Необходимые противоречия поэзии

Пожалуй, Юнна была права, когда обругала меня по электронке из Москвы в Нью-Йорк за то, что пишу о ней прежней, а она продолжает работать в поэзии десятилетие за десятилетием, после того как я отвалил из России в конце 70-х. Однако прав был – отчасти – и я: выпав, как птенец из гнезда, из культурного процесса, в котором активно участвовал как критик и следил за текущей поэзией взором василиска, теперь – со стороны, через океан, вприглядку, вчуже. А потому изобрел новый синкретический жанр, скрестив анализ с воспоминаниями, хотя скорее, чем мемуаристом, назову себя мнемозинистом: «Усладить его страданья Мнемозина притекла», как сказал родоначальник. То есть писал и пишу в своих газетных эссе и риполовских книгах про Евтушенко, Эфроса, Окуджаву, Слуцкого, Искандера, Мориц и прочих, какими знал их в период тесных и интенсивных, не только дружеских, но и творческих отношений, без контрабанды настоящего в прошлое. Юнна присылала нам с Леной Клепиковой в Америку свои новые книжки с любовными автографами и чудными рисунками, но я уже – был грех – не так пристально, как прежде, читал ее стихи, занятый, дабы остаться на плаву, политоложеством, в котором мы с моим соавтором и по совместительству женой преуспели, публикуя статьи и книги в престижных американских СМИ и издательствах (и не только американских). А тогда, в Советском Союзе, Юнна была не избалована критикой ввиду, ее же словами, «категорической несовокупности», а потому так живо откликнулась на мою статью в «Вопросах литературы» под неслабым названием «Необходимые противоречия поэзии», с которой началась и длилась год довольно пустопорожняя дискуссия:

«Статья в «Воплях» – талантливая, свободная, умная. Поразительно свободная – как если бы другой, номенклатурной, холодной, критики не было вовсе. И главное – никакого маскарада, никаких косметических ухищрений ради общедоступности, никакого флирта ради любого приятия.

Это первое, что особенно важно для меня как поэта, все надежды которого и все энергетические мощности нацелены на извлечение чистых элементов свободы из атмосферы, загрязненной чудовищными испарениями литературных невольников и центурионов… И сам факт ее опубликования – это, Володя, награда, премия, так сказать, за оборону позиций, на первый взгляд безнадежных. Однако же! Все вышесказанное самым прямым образом относится к проблеме влияния критика на поэта.
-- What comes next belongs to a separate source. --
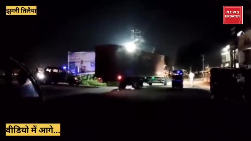झुमरी तिलैया के सुभाष चौक पर कार और ट्रक में हुई टक्कर बाल बाल बच्चे कार पर सवार लोग।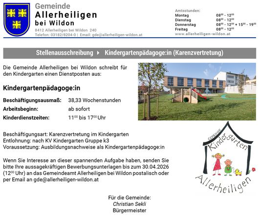 Das monatliche Info-Schreiben der Gemeinde Allerheiligen bei Wildon.

Что касается написанного обо мне, так ведь это первые по-настоящему серьезные мысли о моих стихах, напечатанные в критике за последние восемь лет. Больше всего меня поразило, что Вам открылось очень важное в моем способе выжить творчески и личностно – «настоящее удалено в прошлое». Да – чаще всего, хотя не всегда: пишу тогда, когда невыносимо больше страдать и необходимо свершить операцию по удалению настоящего и помещению его в физиологический раствор прошлого. Вы рассекретили меня на данном этапе. Мне это чрезвычайно радостно – значит, мой мир не так уж недоступен и безземелен. И «реальность ослаблена за счет духовного» – тоже верно, и это еще продлится какое-то время».
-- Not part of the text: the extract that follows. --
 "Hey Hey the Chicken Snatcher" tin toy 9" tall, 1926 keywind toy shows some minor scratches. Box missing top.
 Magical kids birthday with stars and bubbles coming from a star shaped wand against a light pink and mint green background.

Это письмо из советской столицы в столицу русской провинции Ленинград, где я тогда обитал, что способствовало нашему эпистолярному роману – сначала расстояние в 650 километров, а потом, когда я укатил, уж не знаю сколько миль, вся Атлантика! Опускаю ее злоречивые, желчные, язвительные характеристики – без разницы, насколько справедливы, зато на редкость точны и остроумны. Вот уж кто припечатывает словом, так это она. Один известный поэт, которого Юнна тоже припечатала, сравнил ее язык с бритвой.

А тогда мы были с Юнной еще на вы (я помладше ее на пять лет), и она не удержалась от укола ревности, зная о моей влюбленности в Бродского:

«Вас нельзя оставлять без глаза, а то Рыжий завладеет Вами тут же в силу любовной инерции и с помощью испытанных спиритических приемов…»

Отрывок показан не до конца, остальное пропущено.